Rationalize \(\cfrac{(4\sqrt{7} + \sqrt{2})}{(\sqrt{2} - 7)}\).

Rationalizing the denominator in a fraction means to eliminate the radical in the denominator. We do this by multiplying the numerator and the denominator by the conjugate of the denominator. The conjugate of a binomial of the form \(a + b\) is \(a - b\). Hence, the conjugate of \(\sqrt{2}-7\) is \(\sqrt{2}+7\).

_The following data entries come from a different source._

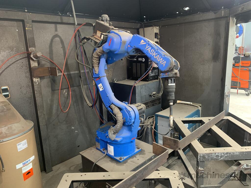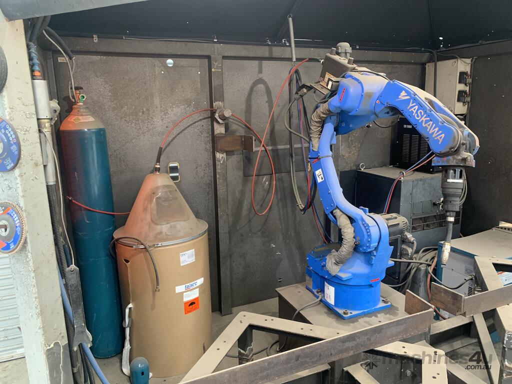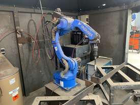 No longer required our Yaskawa 6 AXIS robotic arm with Binzel water cooled torch and OTC Webee P400 Welder. This unit has been problem free and am sure it will continue to impress the next owner. Nick named Kevin, he doesn't ask for a lot and welds in all conditions without complaint. We can provide training upon sale, comes with all accessories and full Drum of ER 80 1.2 wire. Everything pictured included
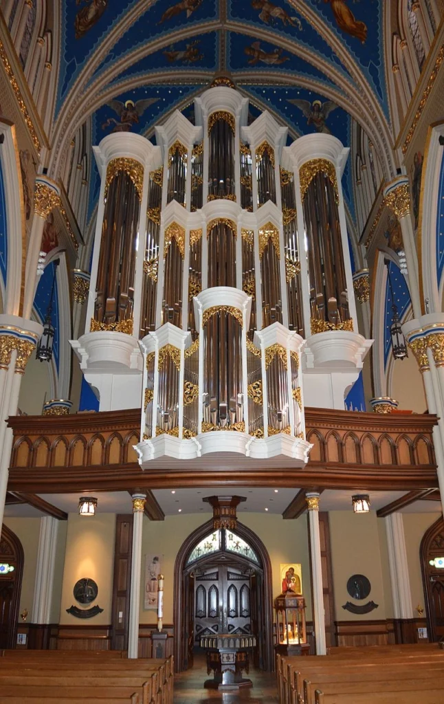The first Sacred Heart Church had a small reed organ in the 1850s. Father Edward Sorin approved its replacement in 1865 with a 1,500-pipe hand-pumped organ. Derrick and Felgemeker of Erie installed a 2,000-pipe organ in the newly constructed but unfinished Sacred Heart Church in 1875. This organ was later moved inside the completed church. In 1961 university president Rev. M. Theodore The addition of 300 pipes to the organ was approved by Hesburgh. On 2 April 1978 a new organ was installed, donated by Marjorie O’Malley and built by the Holtkamp Organ Company of Cleveland, Ohio. It debuted at a dedication Mass celebrated by Hesburgh and a recital performed by Professor Michael Schneider of Cologne, Germany. In the fall of 1981, Professor Craig Cramer joined the Department of Music at Notre Dame and took over Calvin Bower’s task of creating the organ performance program. At the end of 2006, Dr. formed a committee led by Campus Ministry to look into replacing the basilica organ. Gail Walton, the basilica’s director of music since 1988. After conducting a nationwide search, the committee decided to give Paul Fritts the commission to build the new organ for Saint Joseph Cathedral in Columbus, Ohio, in December 2006. This was Fritts’ second commission from Notre Dame. In 2004, Paul Fritts and Company Organ Builders of Tacoma, Washington, completed a 35-stop organ that was also an O’Malley gift and was designed in the northern German tradition for the new DeBartolo Performing Arts Center’s Reyes Organ and Choral Hall. The Great Recession halted the project by taking a hit on the university endowment and benefactions, and the idea of replacing the basilica organ was tabled indefinitely. The project was further dealt a blow by the death of its foremost champion Gail Walton in February 2010. However, the university approved a plan to commission a new organ for the basilica in the fall of 2010 and began the search for a donor. As decided previously, organ maker Paul Fritts was commissioned for the project, and initial design work began in 2012 with work on the case in Tacoma beginning in 2013. The project called for a four-manual instrument with 70 stops, 5,164 pipes, and a case that was based on Dutch masterpieces. It was to be Fritts’s greatest creation. The basilica closed in Christmas 2013 for the first phase of the organ project, which included a 44-day replacement of the church carpeting with 25,000 slate-colored porcelain tiles to improve acoustics. Meanwhile, a third Fritts commission, sponsored by Denis ’67 and Susan McCusker, saw a studio organ designed in 2014 for the Walton Choir Rehearsal Hall in Coleman-Morse Center. On 28 December 2015 the Holtkamp organs played its last song, Silent Night, before its dismantling started the next morning. The organ pipes were donated to the reconstruction of a local parish, Saint Pius X in Granger, Indiana. In October 2015, Fritts loaned the church a temporary organ once the Holtkamp was removed. The concrete of the choir loft was reinforced, and steel support structures for the foundation were added. The basilica choirs sang in the west transept next to the interim organ during the installation of the new organ. On Sunday, July 31, 2016, the brand-new organ, which bears the names of the donors Wayne and Diana Murdy, arrived at the basilica on two tractor-trailers. By end of August 2016, the façade and case was completed, and Fritts Company began the process of tuning and voicing the pipes and connecting the organ’s key action, stop action, windworks and electrical wiring. On October 6, the organ was put through its first full performance test during the annual Blue Mass to honor police, firefighters, and emergency medical personnel. In the weeks that followed, the last rank of pipes were tuned. It was finished on schedule for Christmas 2016. The new four-manual 70-stop Murdy Family Organ was designed and built by Paul Fritts & Company Organ Builders as its Opus 37. It has 4 keyboards, 70 stops and 5,164 pipes and stands 40 feet high and weighs more than 20 tons. Workers were required to reinforce the loft in order to support the larger instrument prior to installation. Bishop Daniel Jenky returned to campus to dedicate the instrument on 20 January 2017 which featured a recital by university professor and organist Craig Cramer.
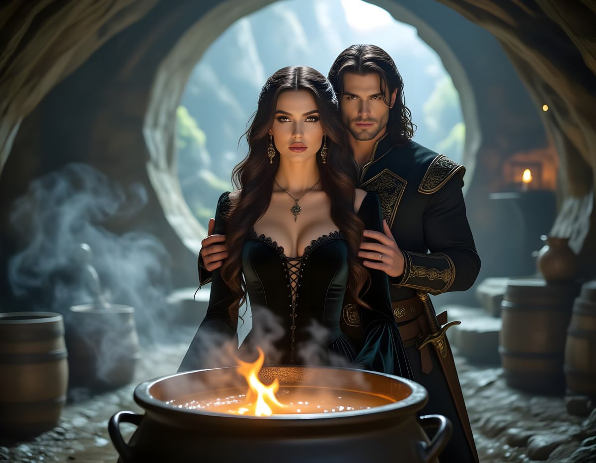 A close-up of a beautiful witch in a dark dress and a handsome prince behind her in a medieval cave with a bubbling cauldron. Ethereal fantasy, hyperdetailed, mist, natural lighting.
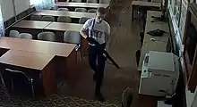 ![]() Roslyakov în magazinul de arme Sokol, patru zile înaintea masacrului. | |

Here's how we rationalize the given fraction:

\[\cfrac{(4\sqrt{7} + \sqrt{2})}{(\sqrt{2} - 7)} \times \cfrac{(\sqrt{2} + 7)}{(\sqrt{2} + 7)}\]

The denominator becomes \((\sqrt{2} + 7)(\sqrt{2} - 7)\), which is a difference of squares and simplifies to \(2 - 49 = -47\).

The numerator becomes \((4\sqrt{7} + \sqrt{2})(\sqrt{2} + 7)\). Expand it to get \(-28\sqrt{7} - 6\sqrt{2} + 8\sqrt{14} + 14\). Notice that both terms in the numerator have a common factor of 2 which can be factored out to get \(2(-14\sqrt{7} - 3\sqrt{2} + 4\sqrt{14} + 7)\).

Divide the numerator and the denominator by \(-47\) to get \(-\cfrac{2(-14\sqrt{7} - 3\sqrt{2} + 4\sqrt{14} + 7)}{47}\).

When simplified, the expression becomes \(-\sqrt{14} - 6\), which corresponds to Option A.